What you will do
Start to finish, retype the entries exactly while omitting the pictures.

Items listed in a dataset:
Segment Open
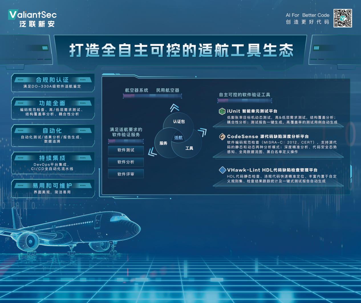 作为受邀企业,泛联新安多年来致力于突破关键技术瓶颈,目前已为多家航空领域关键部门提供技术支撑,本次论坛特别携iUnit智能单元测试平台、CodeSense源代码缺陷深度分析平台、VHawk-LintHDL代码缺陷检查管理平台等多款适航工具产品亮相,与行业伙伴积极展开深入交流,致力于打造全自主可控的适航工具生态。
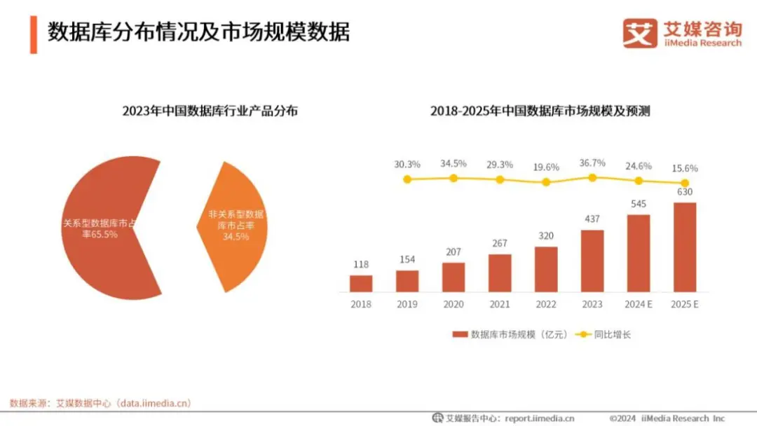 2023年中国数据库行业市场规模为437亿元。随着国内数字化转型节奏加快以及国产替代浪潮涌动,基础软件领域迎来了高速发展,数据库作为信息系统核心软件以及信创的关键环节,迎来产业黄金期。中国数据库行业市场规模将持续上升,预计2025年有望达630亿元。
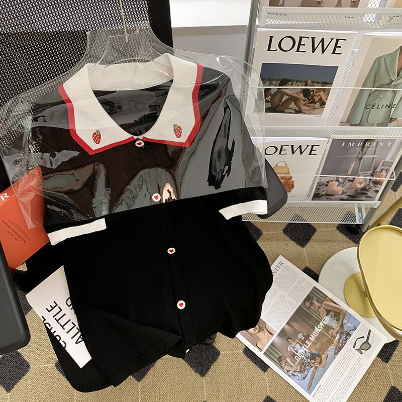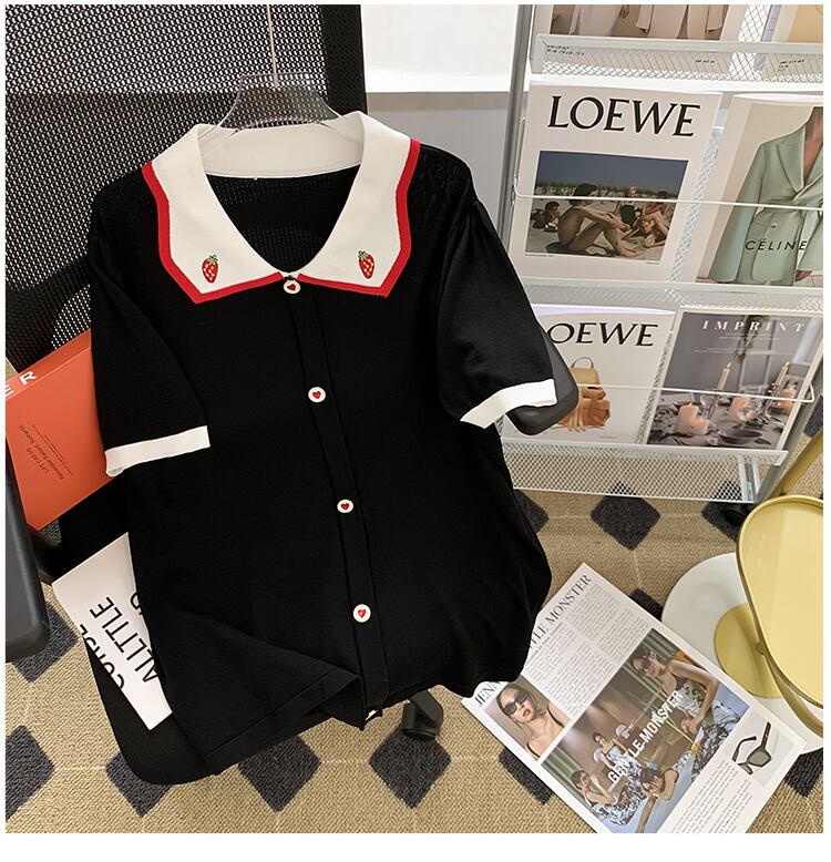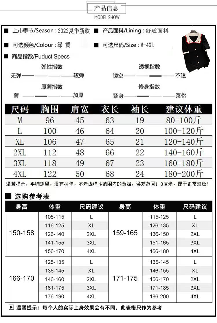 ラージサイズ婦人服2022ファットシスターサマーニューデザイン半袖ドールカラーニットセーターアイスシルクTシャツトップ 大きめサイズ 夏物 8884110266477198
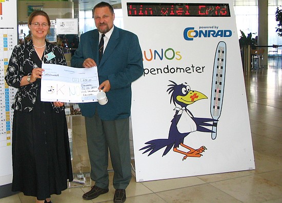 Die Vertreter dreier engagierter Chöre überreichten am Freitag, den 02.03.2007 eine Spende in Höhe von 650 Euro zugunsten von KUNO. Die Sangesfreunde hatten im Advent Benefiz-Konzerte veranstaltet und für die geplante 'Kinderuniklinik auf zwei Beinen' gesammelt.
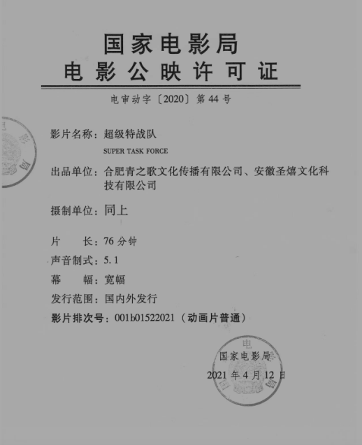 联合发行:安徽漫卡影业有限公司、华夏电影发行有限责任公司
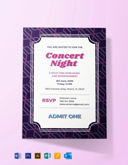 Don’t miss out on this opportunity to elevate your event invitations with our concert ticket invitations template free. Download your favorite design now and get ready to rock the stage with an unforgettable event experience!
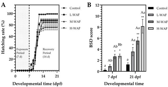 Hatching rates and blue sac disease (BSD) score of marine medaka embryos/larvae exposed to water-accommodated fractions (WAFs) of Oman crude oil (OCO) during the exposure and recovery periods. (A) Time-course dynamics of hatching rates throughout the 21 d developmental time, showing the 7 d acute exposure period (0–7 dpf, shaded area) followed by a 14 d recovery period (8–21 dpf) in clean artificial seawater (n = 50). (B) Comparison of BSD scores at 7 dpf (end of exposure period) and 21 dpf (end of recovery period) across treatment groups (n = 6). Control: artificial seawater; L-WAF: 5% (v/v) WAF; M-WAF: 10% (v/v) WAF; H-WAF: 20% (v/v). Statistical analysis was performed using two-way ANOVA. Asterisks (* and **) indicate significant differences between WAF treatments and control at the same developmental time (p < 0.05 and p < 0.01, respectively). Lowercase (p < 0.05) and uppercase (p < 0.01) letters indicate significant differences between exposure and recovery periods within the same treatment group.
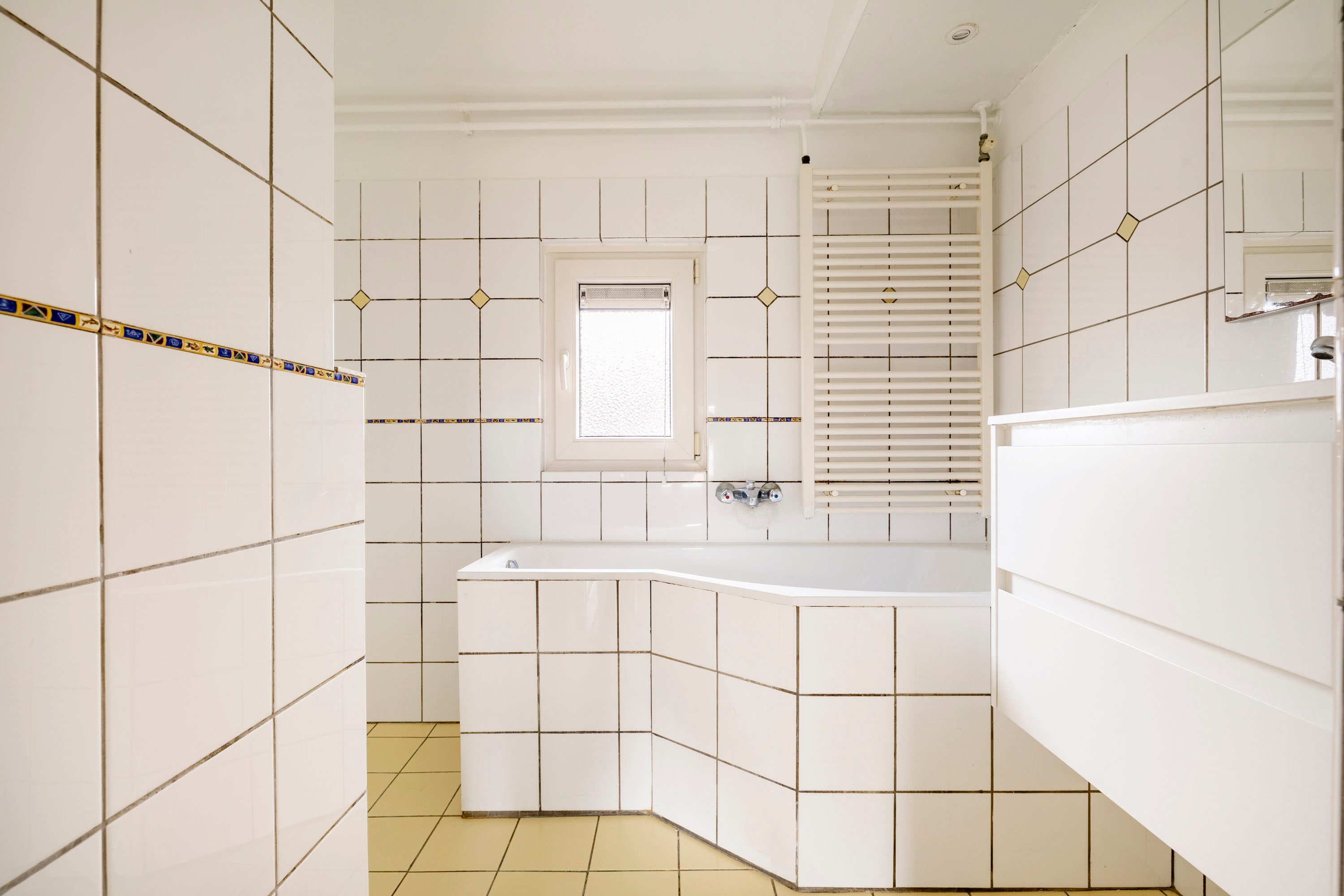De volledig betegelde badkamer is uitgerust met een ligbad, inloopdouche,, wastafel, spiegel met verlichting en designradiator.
Segment Closed
Task result
 作为受邀企业,泛联新安多年来致力于突破关键技术瓶颈,目前已为多家航空领域关键部门提供技术支撑,本次论坛特别携iUnit智能单元测试平台、CodeSense源代码缺陷深度分析平台、VHawk-LintHDL代码缺陷检查管理平台等多款适航工具产品亮相,与行业伙伴积极展开深入交流,致力于打造全自主可控的适航工具生态。
 2023年中国数据库行业市场规模为437亿元。随着国内数字化转型节奏加快以及国产替代浪潮涌动,基础软件领域迎来了高速发展,数据库作为信息系统核心软件以及信创的关键环节,迎来产业黄金期。中国数据库行业市场规模将持续上升,预计2025年有望达630亿元。
 ラージサイズ婦人服2022ファットシスターサマーニューデザイン半袖ドールカラーニットセーターアイスシルクTシャツトップ 大きめサイズ 夏物 8884110266477198
 Die Vertreter dreier engagierter Chöre überreichten am Freitag, den 02.03.2007 eine Spende in Höhe von 650 Euro zugunsten von KUNO. Die Sangesfreunde hatten im Advent Benefiz-Konzerte veranstaltet und für die geplante 'Kinderuniklinik auf zwei Beinen' gesammelt.
 联合发行:安徽漫卡影业有限公司、华夏电影发行有限责任公司
 Don’t miss out on this opportunity to elevate your event invitations with our concert ticket invitations template free. Download your favorite design now and get ready to rock the stage with an unforgettable event experience!
 Hatching rates and blue sac disease (BSD) score of marine medaka embryos/larvae exposed to water-accommodated fractions (WAFs) of Oman crude oil (OCO) during the exposure and recovery periods. (A) Time-course dynamics of hatching rates throughout the 21 d developmental time, showing the 7 d acute exposure period (0–7 dpf, shaded area) followed by a 14 d recovery period (8–21 dpf) in clean artificial seawater (n = 50). (B) Comparison of BSD scores at 7 dpf (end of exposure period) and 21 dpf (end of recovery period) across treatment groups (n = 6). Control: artificial seawater; L-WAF: 5% (v/v) WAF; M-WAF: 10% (v/v) WAF; H-WAF: 20% (v/v). Statistical analysis was performed using two-way ANOVA. Asterisks (* and **) indicate significant differences between WAF treatments and control at the same developmental time (p < 0.05 and p < 0.01, respectively). Lowercase (p < 0.05) and uppercase (p < 0.01) letters indicate significant differences between exposure and recovery periods within the same treatment group.
De volledig betegelde badkamer is uitgerust met een ligbad, inloopdouche,, wastafel, spiegel met verlichting en designradiator.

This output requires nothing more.